The answer is simple: life isn’t fair.
The beauty of that statement, however, is that there is so much I deserve that I’m not getting because in His mercy, God extends common grace—things such as shelter, food, clothing—to take care of His people. The legal response to sin is death—that’s its ‘wages’ (Romans 6:23) like I earn wages at my job for the work I do—so every time I sin (which is often enough to warrant some serious death, even though Jesus does live in me and He is sanctifying me, and making me more like him) I should be rewarded or paid with death, not mercy. But there is common grace extended to all humanity, which is the grace wrapped up in the promise that God will not destroy the earth again like He did after the flood, and there’s saving grace, which is above common grace. Saving grace wipes out the sin debt that is accumulated by everything I do which should be rewarded with death.

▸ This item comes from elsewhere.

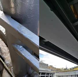 10月28日下午,审计小组又进行了第五次现场检查。本次检查主要查看演出剧场钢结构第一遍漆面处理效果,通过现场检查发现第一遍面漆涂刷后,除钢结构表面有些凹凸不平外,其他效果良好。目前除锈除漆工程正在紧锣密鼓开展。

Common grace is like owing the IRS, but they’re not calling you all the time to remind you of that debt. You still owe it, but you’re allowed to spend your money however you’d like.
Saving grace is like the IRS calling you up and saying the debt is forgiven.
This metaphor is imperfect because you may be able to pay back the IRS, but you can’t pay back God. Fortunately, you don’t have to because Jesus did. So why stop at common grace when you can get saving grace?
Why stop at not getting what you deserve when you can get what you really don’t deserve?